3. A very small remark I also already privately mailed to the authors is about the remark in the conclusion "Directly utilizing the Hessian matrix appears straightforward, but it is, unfortunately, prohibitively expensive.". I am not sure about these conclusions, because one can use the same kind of tricks that are used to apply the quantum geometric tensor (S matrix) on the gradients, without forming the actual matrix. So I believe it should be possible to have a relatively decent scaling also for the Hessian. I would maybe leave this a bit more open as it is currently written.
Anonymous Report 1 on 2021-1-16 (Invited Report)
- Cite as: Anonymous, Report on arXiv:2011.11214v1, delivered 2021-01-16, doi: 10.21468/SciPost.Report.2417
1- discuss important issues on neural-network wave functions, which are often used to study strongly-correlated systems.
1- the presentation is confused and it is not easy to follow the logic of the presentation.
In this work Bukov and collaborators assess the accuracy of neural-network wave functions for the frustrated J1-J2 model on the square lattice.
I think that the paper is quite hard to read and thread of the conversation is not very linear. The general remark is that several different problems are shown, but the reader may be lost in all details.
I will try to make some suggestion to improve the presentation, possibly cutting/rearranging the discussion.

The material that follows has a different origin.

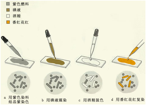在顯微鏡油鏡頭下觀察,菌體顯藍紫色的為革蘭氏陽性菌;菌體顯紅色的為革蘭氏陰性菌。

1) Section 3: I do not really understand why the discussion of the complex (holomorphic) state is so long, since, at the end of the day, it does not give sensible results. Still, I do not really understand the reason why there are numerical instabilities. The fact that a complex function must diverge somewhere in the complex plan does not convince me too much. Anyway, since the parametrization with two real functions is eventually more stable, I suggest to cut the part on the complex wave function, just showing the most important results.
2) Section 4: This section looks useful, even though I would have preferred something a bit more quantitative. For the case they show, the exact sign is almost given by the Marshall rule, but what is the relevance of configurations violating the Marshall sign? Namely, what is the amplitude of these configurations (exact vs variational ones)? I am not sure about the real lesson that we learn from this section.
3) Sections 5 and 6: I think that this is most confusign part. For example, I would have discussed the "full basis simulation" in tight connection with "Varying the size of the Monte Carlo fluctuations", since I think they are directly related.
My main concern is about the fact that the machine precision may really affect the results. In my experience, this suggests that there is some problem in the numerical code. Also the fact that different random number sequences may affect the results is very suspicious. There is no a very convincing discussion about that.
4) Section 7: I would just shorten the discussion.
Now, let me give a general comment: all the paper is about small lattices (e.g., 4x4 and 6x6), for which exact diagonalizations are possible. What is the usefulness of these neural-network states if 1) they provide more or less the same accuracy of much simpler states (e.g., Gutzwiller-projected fermionic states) and 2) calculations are limited to small systems?
A minor point: it would be better to specify the value of J_2/J_ 1 along the text and in the captions of the figures.
In summary, I would strongly suggest a deep revision of the paper, which should make the presentation linear.